Reputation: 873
I recently ran into a strange behavior while using spacy, which is when I process string,
in case the string is a single string object, I have to use nlp(string),
while I have to use nlp.pipe(a list) for a list made of strings elements.
The example is as below.
string='this is a string to be process by nlp'
doc =['this','is','a','string','list','to','be','processed','by','spacy']
stringprocess= list(nlp(string))
listprocess = list(nlp.pipe(doc))
listprocess
stringprocess
Why is this? I assume this must be something to do with nlp.pipe() behavior which is generator.
What is the reason?
Thank you.
Upvotes: 3
Views: 739
Reputation: 1086
Spacy does this because generators are more efficient. Since generators are consumed only once they are more memory efficient than a list.

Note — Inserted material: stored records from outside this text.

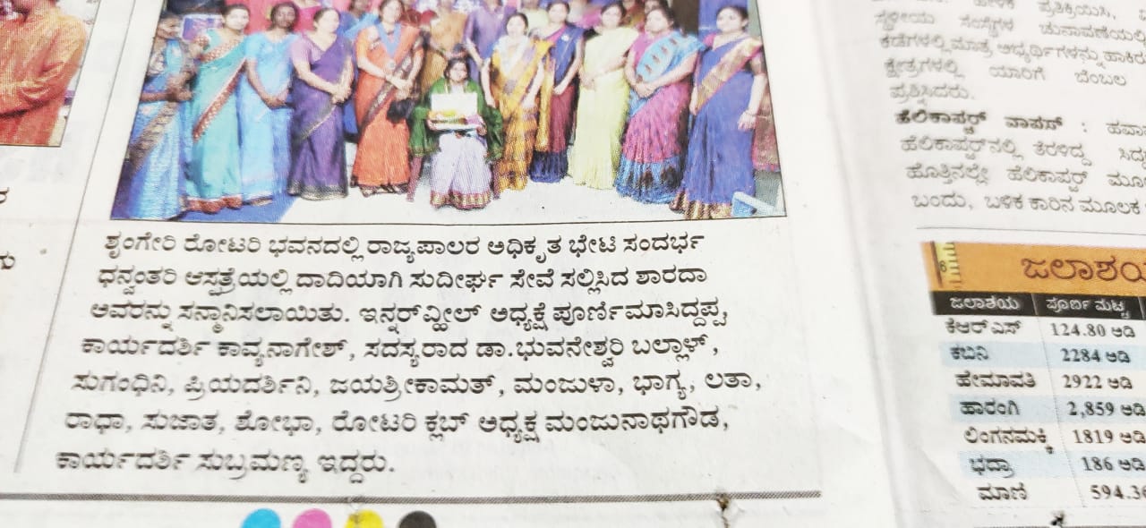 Mrs, Pushpa Gururaj Honored Mrs, Sharada nurse of Sharada Dhanavanthari Hospital, Sringeri for her remarkable achievement in vocational service.
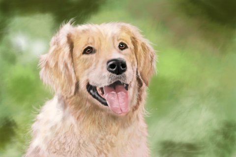 골든 리트리버입니다. 이번 그림은 털 한올한올 안 그리고 질감 위주로 했는데, 시간도 절약돼고 결과도 괜찮은 것 같아요. 앞으로 디지털로 동물 그리기 할 땐 이 방법으로 해야 할 듯...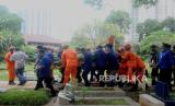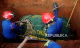 Petugas bersiap menurunkan jenazah Muhammad Fajri ke liang lahat menggunakan tali katrol di TPU Menteng Pulo, Jakarta, Kamis (22/6/2023). Muhammad Fajri yang merupakan penderita penyakit obesitas dengan bobot 300 kilogram tersebut meninggal dunia setelah menjalani perawatan selama 14 hari di Rumah Sakit Cipto Mangunkusumo. Proses pemakaman yang melibatkan Petugas Dinas Penanggulangan Kebakaran dan Penyelamatan, Basarnas dan Dinas Pertamanan dan Hutan Kota DKI Jakarta tersebut menggunakan forklift portable, tali katrol dan makam berukuran 4x2 meter dan kedalaman 1,8 meter. (FOTO : Republika/Putra M. Akbar)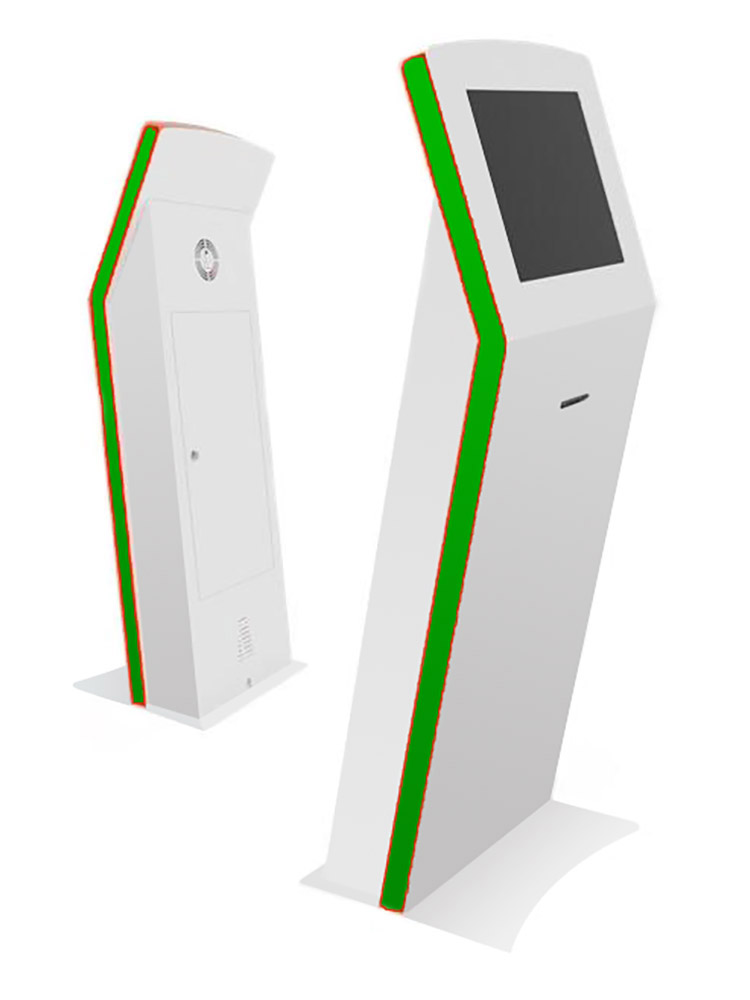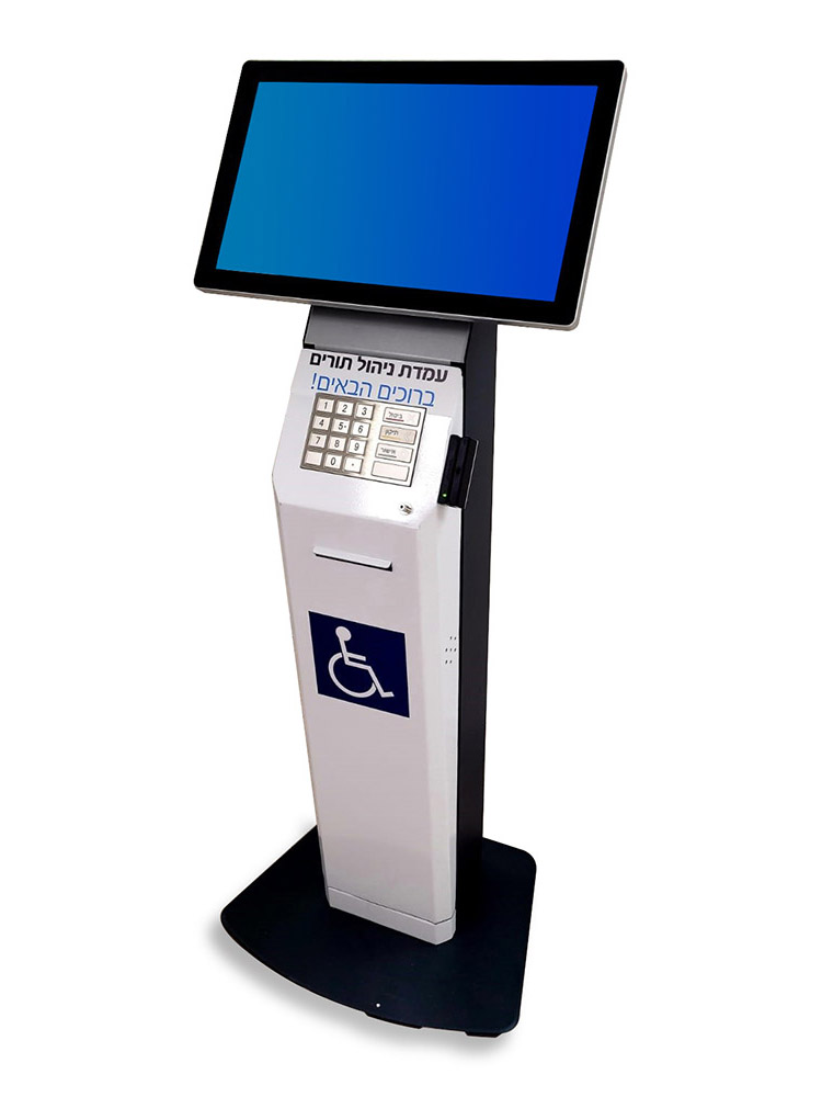 Each kiosk comes equipped with a high-quality touchscreen (available in multiple sizes), a powerful integrated computer, and an 80 mm printer.

According to their documentation instead of processing texts one-by-one and applying nlp
pipeline it processes texts in batches.
Furthermore, you can configure batch size in nlp.pipe
to optimize performance according to your system
Process the texts as a stream using
nlp.pipe
and buffer them in batches, instead of one-by-one. This is usually much more efficient.
If your goal is to process large streams of data using nlp.pipe
it would be much more efficient to write a streamer/generator to produce results as you need them from database/filesystem than loading everything in memory and then processing them one by one.
Upvotes: 3